Give back the exact lines of the material below from the one containing "In a cyberpunk-inspired" through the one containing "Метнувшись в магазин, я", and no pictures.

* DATA:
-.-.-

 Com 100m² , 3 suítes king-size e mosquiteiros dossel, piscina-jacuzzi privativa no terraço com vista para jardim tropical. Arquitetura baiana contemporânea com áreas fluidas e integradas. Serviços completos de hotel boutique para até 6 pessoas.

-.-.-

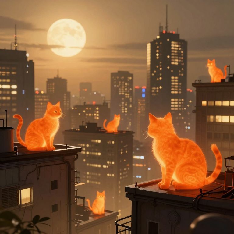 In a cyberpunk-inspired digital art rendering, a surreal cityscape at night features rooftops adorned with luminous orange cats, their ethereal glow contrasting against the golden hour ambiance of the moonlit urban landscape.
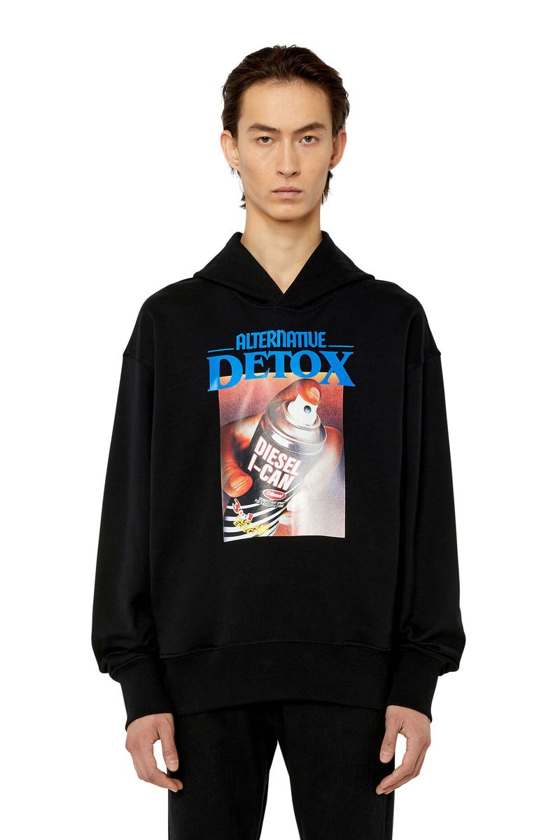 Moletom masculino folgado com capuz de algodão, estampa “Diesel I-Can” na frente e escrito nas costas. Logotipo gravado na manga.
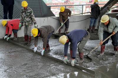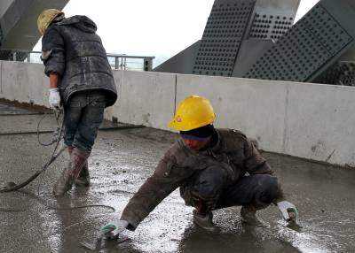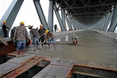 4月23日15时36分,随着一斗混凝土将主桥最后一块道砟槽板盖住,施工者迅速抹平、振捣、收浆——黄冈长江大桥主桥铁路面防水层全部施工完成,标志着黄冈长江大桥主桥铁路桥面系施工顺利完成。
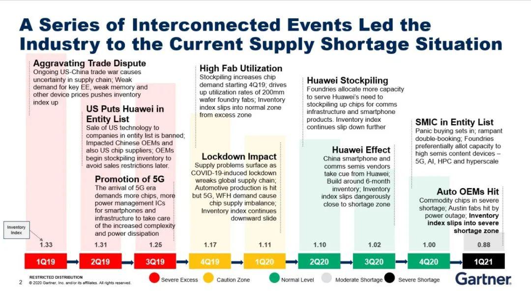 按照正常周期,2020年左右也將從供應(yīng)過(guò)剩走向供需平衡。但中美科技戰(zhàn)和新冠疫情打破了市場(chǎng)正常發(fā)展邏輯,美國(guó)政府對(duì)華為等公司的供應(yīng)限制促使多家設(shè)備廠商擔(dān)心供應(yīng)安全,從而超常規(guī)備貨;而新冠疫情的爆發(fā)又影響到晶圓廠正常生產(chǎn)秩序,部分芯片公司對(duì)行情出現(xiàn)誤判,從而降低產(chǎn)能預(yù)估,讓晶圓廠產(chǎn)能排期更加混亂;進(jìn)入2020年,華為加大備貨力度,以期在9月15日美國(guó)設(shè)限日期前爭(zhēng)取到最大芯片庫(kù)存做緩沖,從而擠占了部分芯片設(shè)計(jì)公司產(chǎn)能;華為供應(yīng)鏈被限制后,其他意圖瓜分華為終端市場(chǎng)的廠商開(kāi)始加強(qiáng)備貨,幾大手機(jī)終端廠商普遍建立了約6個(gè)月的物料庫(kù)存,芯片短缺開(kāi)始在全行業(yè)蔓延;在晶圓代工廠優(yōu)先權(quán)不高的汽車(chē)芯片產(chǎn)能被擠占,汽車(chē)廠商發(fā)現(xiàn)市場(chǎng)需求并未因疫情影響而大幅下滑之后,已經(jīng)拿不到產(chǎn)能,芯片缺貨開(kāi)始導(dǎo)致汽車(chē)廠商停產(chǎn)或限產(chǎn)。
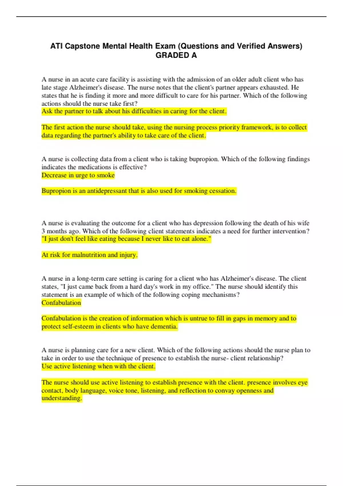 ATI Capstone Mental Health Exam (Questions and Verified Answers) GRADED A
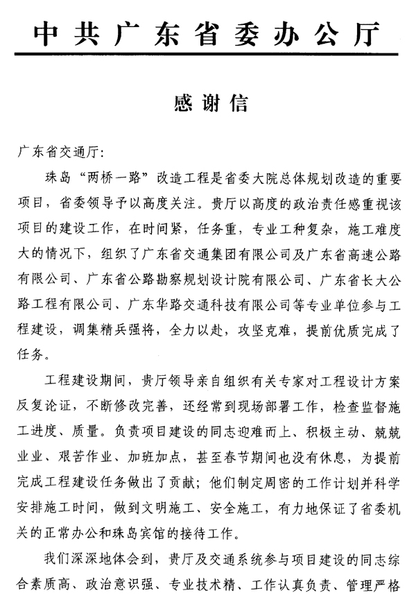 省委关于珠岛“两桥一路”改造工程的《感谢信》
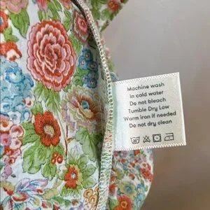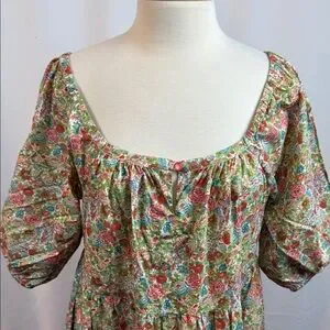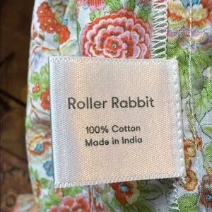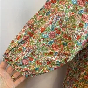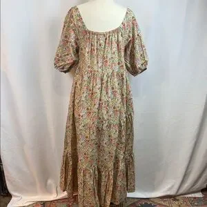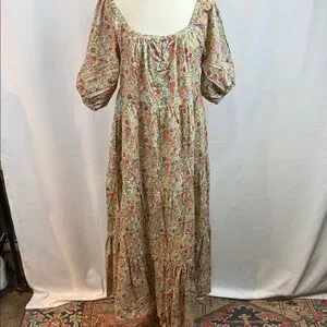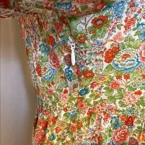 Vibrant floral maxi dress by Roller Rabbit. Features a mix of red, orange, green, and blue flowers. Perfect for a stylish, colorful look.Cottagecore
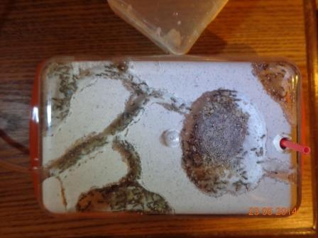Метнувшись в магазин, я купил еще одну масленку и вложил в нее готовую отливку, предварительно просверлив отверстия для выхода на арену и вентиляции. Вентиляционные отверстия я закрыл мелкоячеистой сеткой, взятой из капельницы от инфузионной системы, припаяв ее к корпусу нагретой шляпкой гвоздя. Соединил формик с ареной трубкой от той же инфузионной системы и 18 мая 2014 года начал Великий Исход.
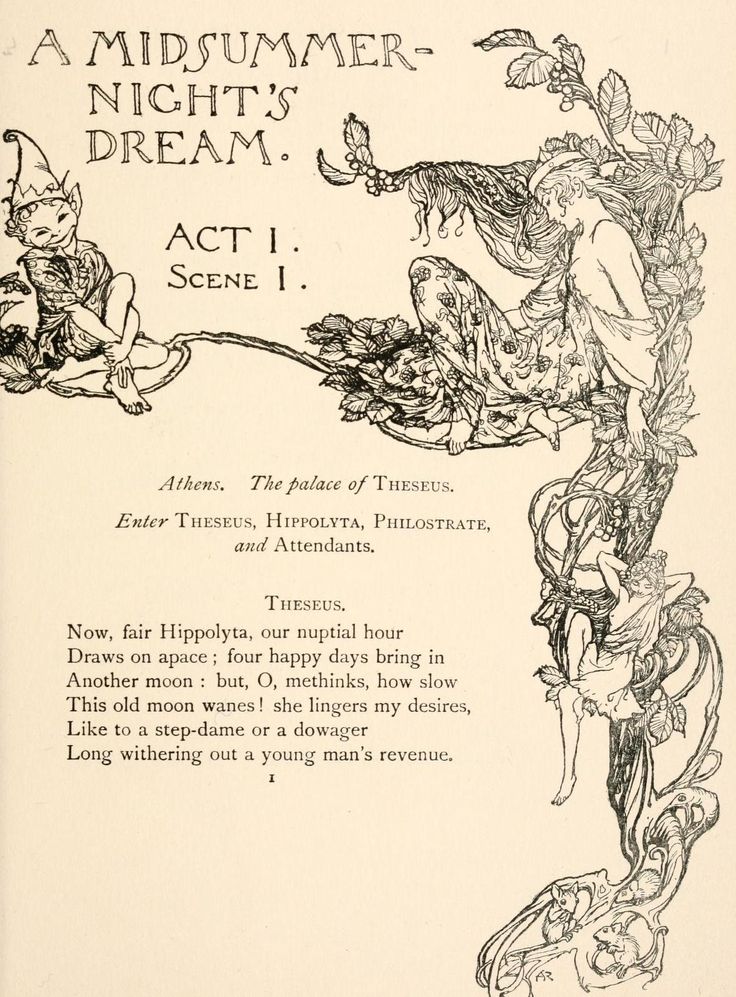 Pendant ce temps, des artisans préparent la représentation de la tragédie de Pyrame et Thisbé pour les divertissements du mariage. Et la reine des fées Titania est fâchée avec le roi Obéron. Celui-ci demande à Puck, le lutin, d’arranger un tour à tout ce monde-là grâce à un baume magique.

-.-.-

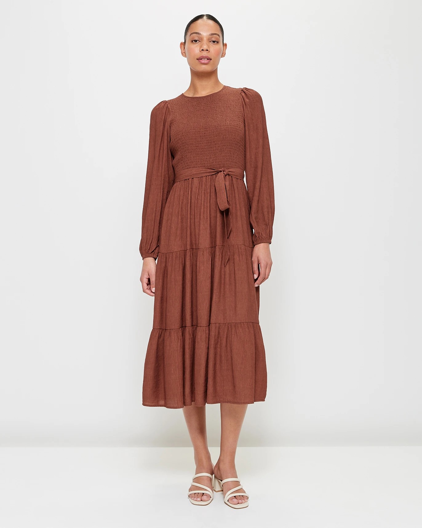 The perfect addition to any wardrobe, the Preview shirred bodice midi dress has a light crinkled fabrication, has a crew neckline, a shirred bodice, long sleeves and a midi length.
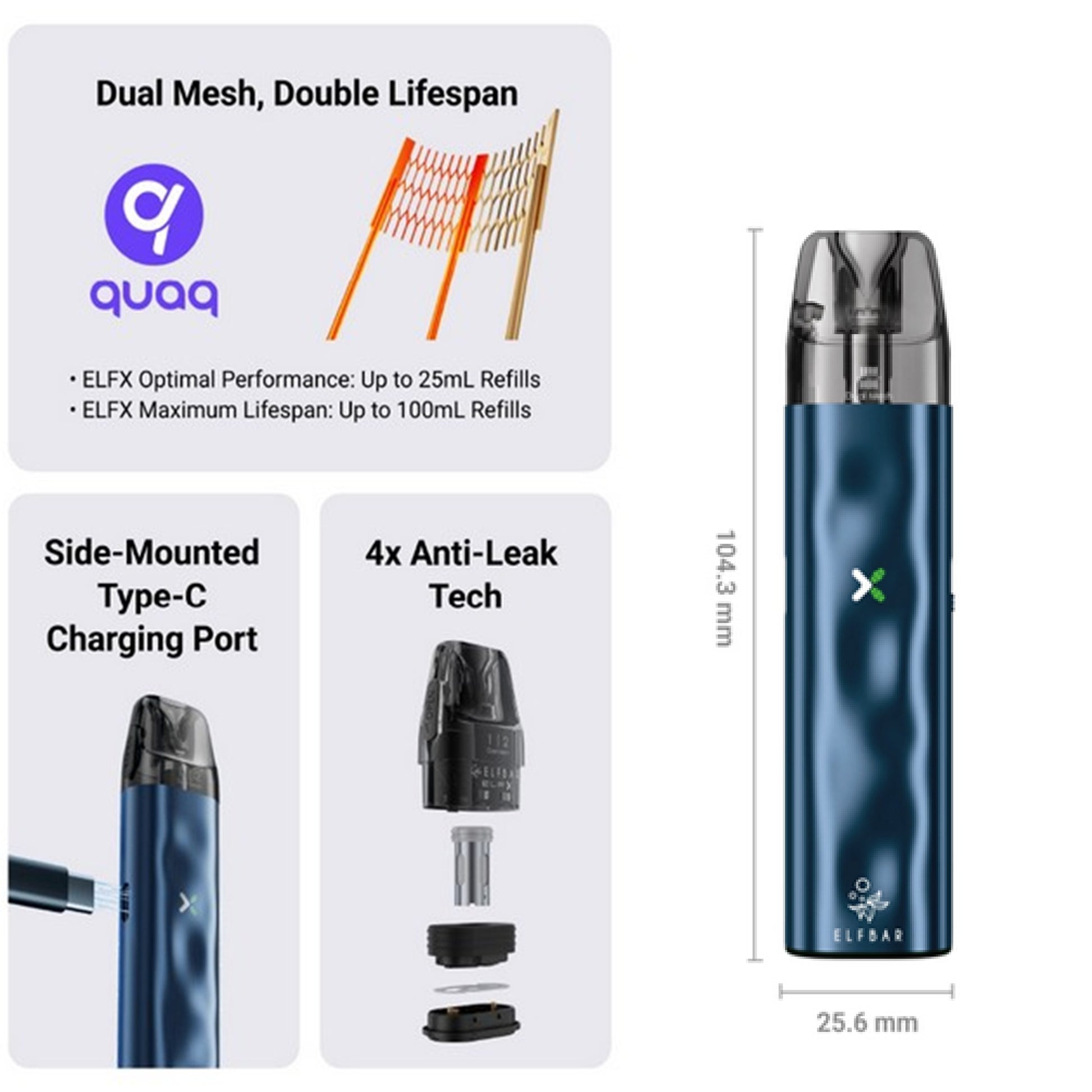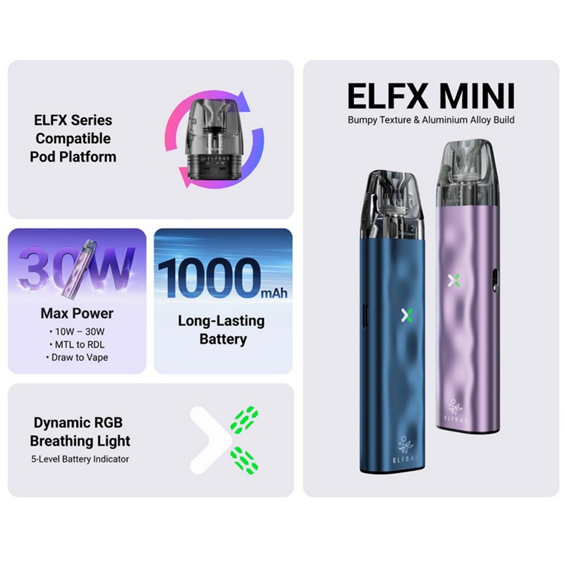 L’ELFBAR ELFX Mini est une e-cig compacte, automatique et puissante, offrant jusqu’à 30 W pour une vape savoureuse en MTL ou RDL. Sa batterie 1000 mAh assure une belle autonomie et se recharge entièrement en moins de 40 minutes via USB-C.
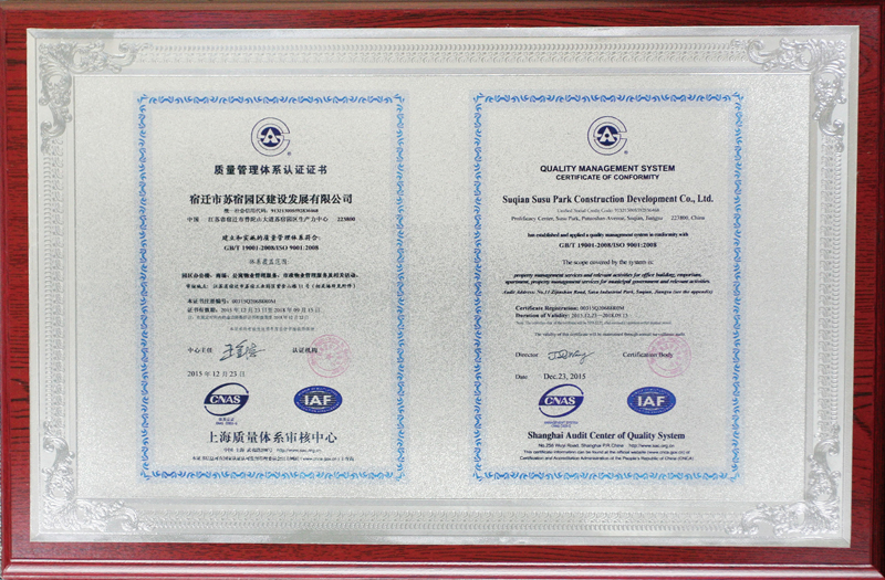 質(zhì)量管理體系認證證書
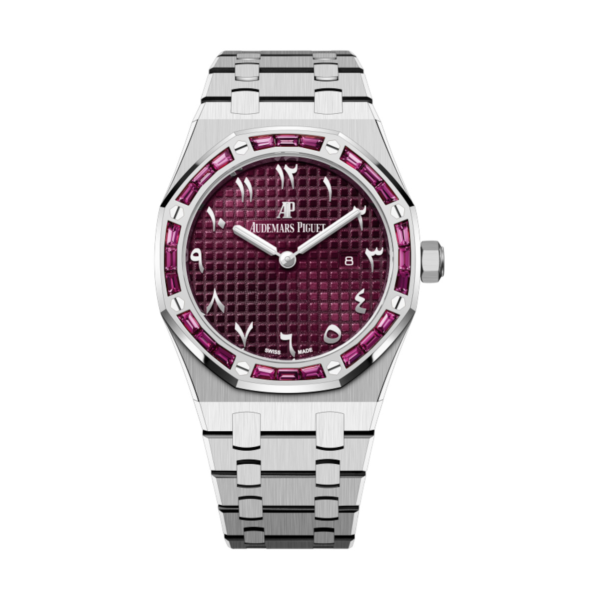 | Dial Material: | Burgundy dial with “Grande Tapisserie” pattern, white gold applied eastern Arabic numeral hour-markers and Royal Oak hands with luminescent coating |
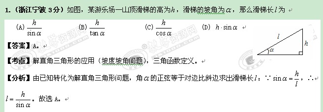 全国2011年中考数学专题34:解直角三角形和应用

-.-.-

* WRITTEN RESPONSE:
 In a cyberpunk-inspired digital art rendering, a surreal cityscape at night features rooftops adorned with luminous orange cats, their ethereal glow contrasting against the golden hour ambiance of the moonlit urban landscape.
 Moletom masculino folgado com capuz de algodão, estampa “Diesel I-Can” na frente e escrito nas costas. Logotipo gravado na manga.
 4月23日15时36分,随着一斗混凝土将主桥最后一块道砟槽板盖住,施工者迅速抹平、振捣、收浆——黄冈长江大桥主桥铁路面防水层全部施工完成,标志着黄冈长江大桥主桥铁路桥面系施工顺利完成。
 按照正常周期,2020年左右也將從供應(yīng)過(guò)剩走向供需平衡。但中美科技戰(zhàn)和新冠疫情打破了市場(chǎng)正常發(fā)展邏輯,美國(guó)政府對(duì)華為等公司的供應(yīng)限制促使多家設(shè)備廠商擔(dān)心供應(yīng)安全,從而超常規(guī)備貨;而新冠疫情的爆發(fā)又影響到晶圓廠正常生產(chǎn)秩序,部分芯片公司對(duì)行情出現(xiàn)誤判,從而降低產(chǎn)能預(yù)估,讓晶圓廠產(chǎn)能排期更加混亂;進(jìn)入2020年,華為加大備貨力度,以期在9月15日美國(guó)設(shè)限日期前爭(zhēng)取到最大芯片庫(kù)存做緩沖,從而擠占了部分芯片設(shè)計(jì)公司產(chǎn)能;華為供應(yīng)鏈被限制后,其他意圖瓜分華為終端市場(chǎng)的廠商開(kāi)始加強(qiáng)備貨,幾大手機(jī)終端廠商普遍建立了約6個(gè)月的物料庫(kù)存,芯片短缺開(kāi)始在全行業(yè)蔓延;在晶圓代工廠優(yōu)先權(quán)不高的汽車(chē)芯片產(chǎn)能被擠占,汽車(chē)廠商發(fā)現(xiàn)市場(chǎng)需求并未因疫情影響而大幅下滑之后,已經(jīng)拿不到產(chǎn)能,芯片缺貨開(kāi)始導(dǎo)致汽車(chē)廠商停產(chǎn)或限產(chǎn)。
 ATI Capstone Mental Health Exam (Questions and Verified Answers) GRADED A
 省委关于珠岛“两桥一路”改造工程的《感谢信》
 Vibrant floral maxi dress by Roller Rabbit. Features a mix of red, orange, green, and blue flowers. Perfect for a stylish, colorful look.Cottagecore
Метнувшись в магазин, я купил еще одну масленку и вложил в нее готовую отливку, предварительно просверлив отверстия для выхода на арену и вентиляции. Вентиляционные отверстия я закрыл мелкоячеистой сеткой, взятой из капельницы от инфузионной системы, припаяв ее к корпусу нагретой шляпкой гвоздя. Соединил формик с ареной трубкой от той же инфузионной системы и 18 мая 2014 года начал Великий Исход.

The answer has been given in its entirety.